__Exercise details__: Reproduce exactly the lines below, starting at the line that contains "今日の給食 公開日 2021/11/11" and ending with the last line of the records, both included; leave out any pictures.

__Data records__:
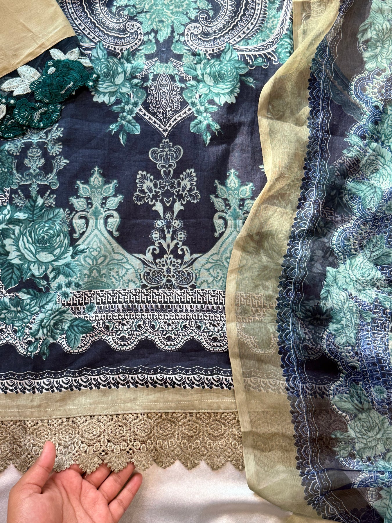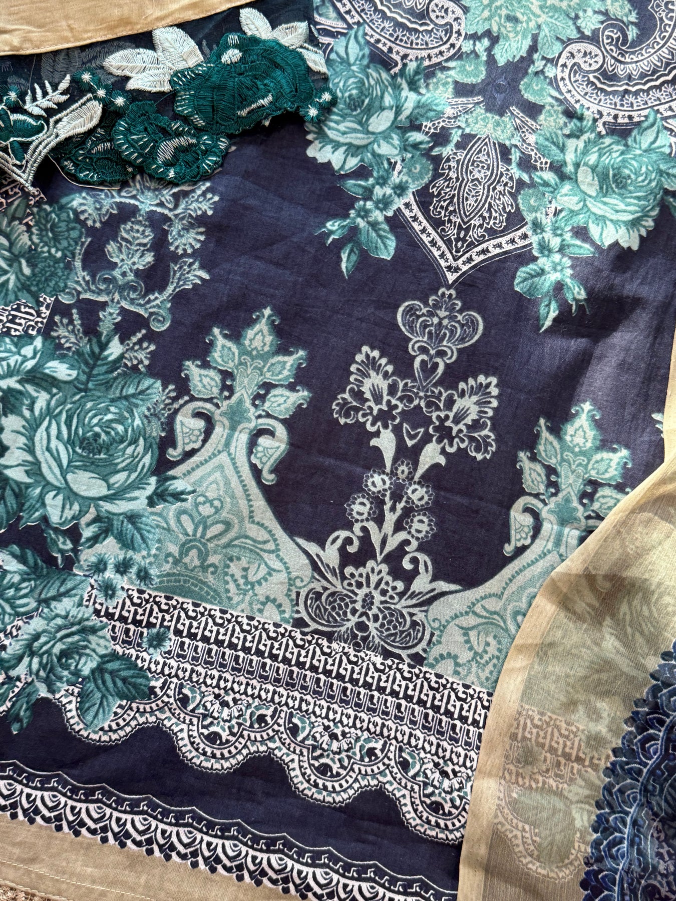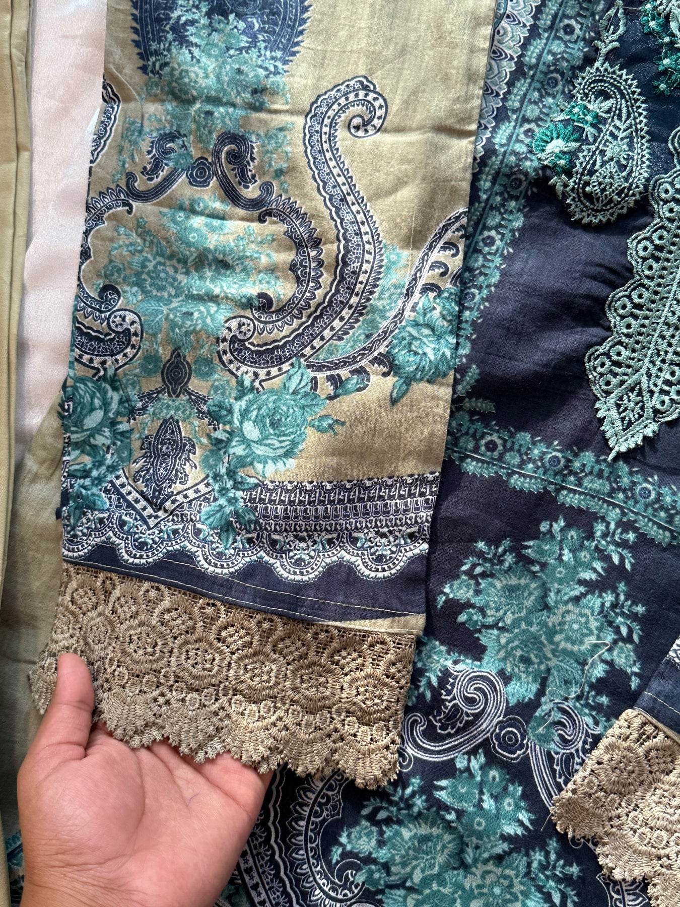 Top Lawn printed with beautiful patch  work on neck and sleeves  length 45 inches.... Sleeves printed with lace work length..21 inches
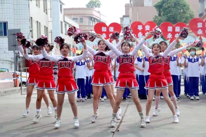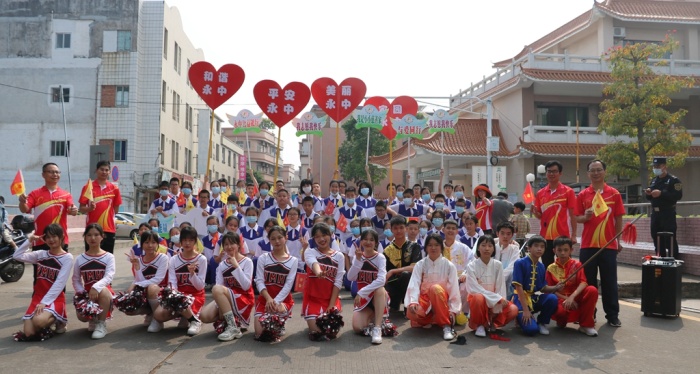 在慈善万人行巡游深涌桥面上的助兴点,有一块“牢记嘱托跟党走,永中奋斗新征程”的宣传版,展示着永宁中学的办学宗旨、办学理念、育人目标、办学特色等内容,这就是永宁中学“红心向党”啦啦队为慈善万人行巡游活动呐喊助兴的舞台。这支队伍是一支充满青春活力、团结协助,具有阳光自信、励志勤学、博爱善良品质的特色啦啦队,共有师生72人,主要表演武术、啦啦操和花开盛世舞蹈,为巡游队伍呐喊助兴,他们举着“和谐永中、平安永中、美丽永中、家园永中”心型主题标语和宣传永中公益银行及宣传公益活动的小KT版标语,展示永宁中学教育教学特色。当天清晨的小榄,略带寒凉,但大伙的心却是亮堂的、炙热的、温暖的。
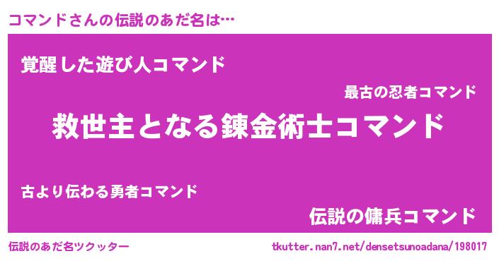 | 女子向けラノベタイトル風あだ名 | 『死神コマンドの再婚』『闇のコマンド』 |
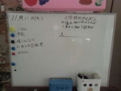 今日の給食 公開日 2021/11/11 更新日 2021/11/11 給食室 塩こうじは、こうじに塩と水を加えて、10日ほど常温で発酵をさせたものです。お米の甘みと塩の辛みが合わさり、いろんな料理につかえる調味料です。家でもかんたんに作ることができます。
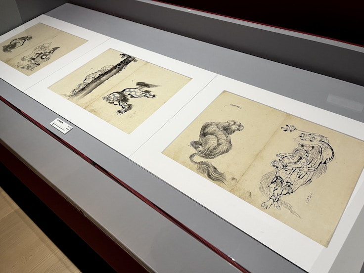 さらに本展では、北斎最晩年の肉筆画である『日新除魔図』16図を初公開している(会期中、展示替えあり)。北斎は80代前半に「毎日、新たに魔物を蹴散らす」ことを願い、獅子や獅子舞などを日課として描き続けたという。200図以上が残される本作に加え、新たに発見された16図が見られるのも、本展ならではだ。迫力のある筆使いにはとくに注目したい。
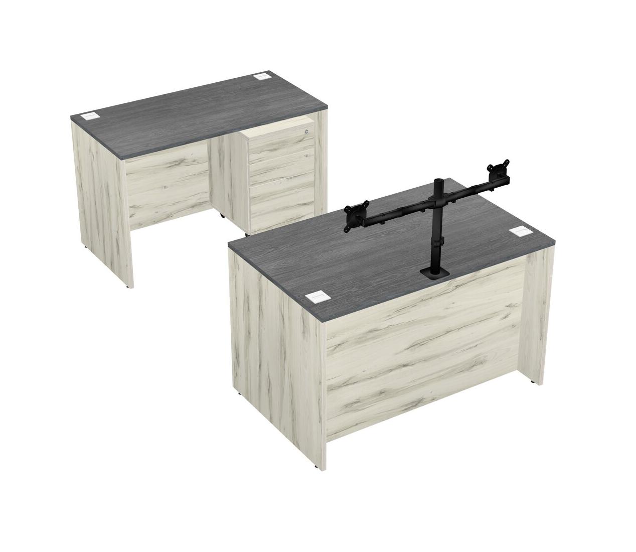 Office Parallel Desk Credenza Desk + Wooden Mobile Drawers + Monitor Arm (double Arms)
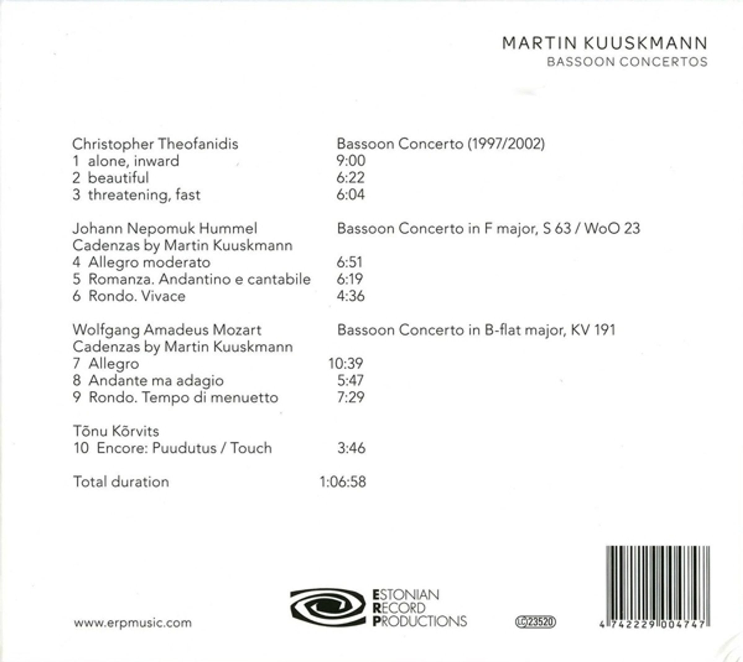 Martin Kuuskmann - Fagottkonzerte auf CD
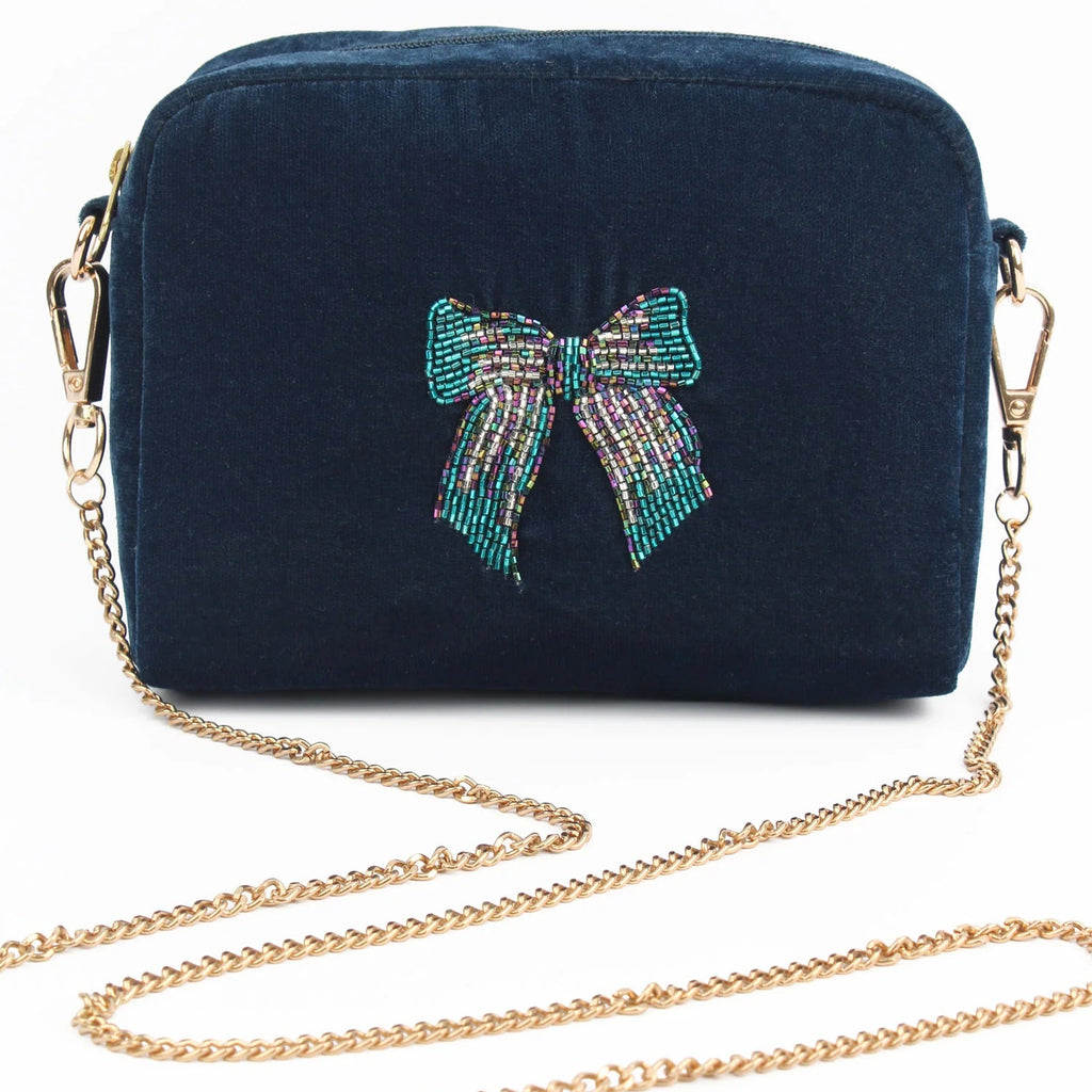 This stunning navy velvet bag from My Doris features a bow design embellished with blue, silver and iridescent beads.
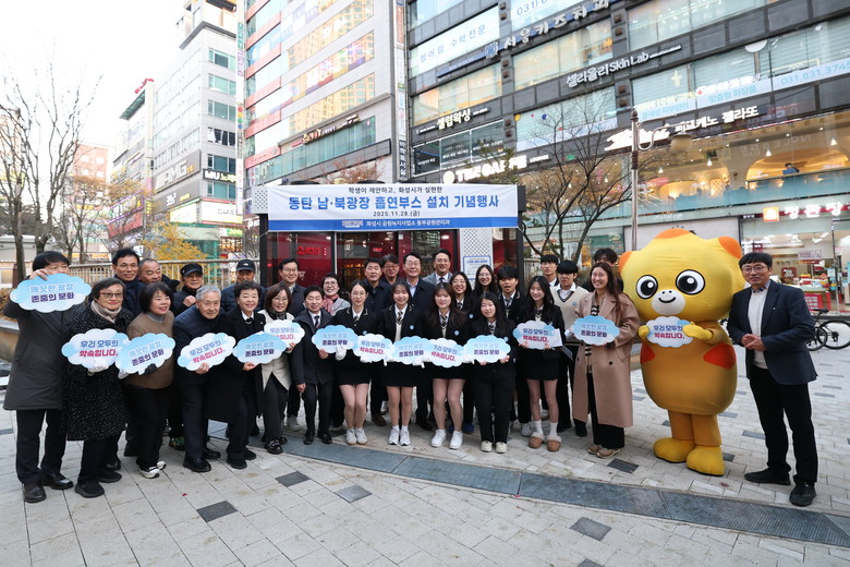 시는 28일 동탄 남광장에서 ‘동탄 남·북광장 흡연부스 설치 기념행사’를 개최했다. 동탄 남·북광장은 법정 금연구역은 아니지만 유동인구가 많아 흡연행위로 인한 비흡연자의 간접피해와 인근 상가의 불편이 지속되어 왔다.
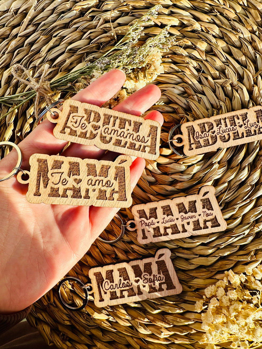 Si lo que quieres es sorprender con un bonito detalle para celebrar uno de los días más especiales, os presentamos nuestros llaveros de madera personalizados. Podrás personalizarse con una frase corta o los nombres de la familia (máximo 4 nombres).

__Solution__:
 今日の給食 公開日 2021/11/11 更新日 2021/11/11 給食室 塩こうじは、こうじに塩と水を加えて、10日ほど常温で発酵をさせたものです。お米の甘みと塩の辛みが合わさり、いろんな料理につかえる調味料です。家でもかんたんに作ることができます。
 さらに本展では、北斎最晩年の肉筆画である『日新除魔図』16図を初公開している(会期中、展示替えあり)。北斎は80代前半に「毎日、新たに魔物を蹴散らす」ことを願い、獅子や獅子舞などを日課として描き続けたという。200図以上が残される本作に加え、新たに発見された16図が見られるのも、本展ならではだ。迫力のある筆使いにはとくに注目したい。
 Office Parallel Desk Credenza Desk + Wooden Mobile Drawers + Monitor Arm (double Arms)
 Martin Kuuskmann - Fagottkonzerte auf CD
 This stunning navy velvet bag from My Doris features a bow design embellished with blue, silver and iridescent beads.
 시는 28일 동탄 남광장에서 ‘동탄 남·북광장 흡연부스 설치 기념행사’를 개최했다. 동탄 남·북광장은 법정 금연구역은 아니지만 유동인구가 많아 흡연행위로 인한 비흡연자의 간접피해와 인근 상가의 불편이 지속되어 왔다.
 Si lo que quieres es sorprender con un bonito detalle para celebrar uno de los días más especiales, os presentamos nuestros llaveros de madera personalizados. Podrás personalizarse con una frase corta o los nombres de la familia (máximo 4 nombres).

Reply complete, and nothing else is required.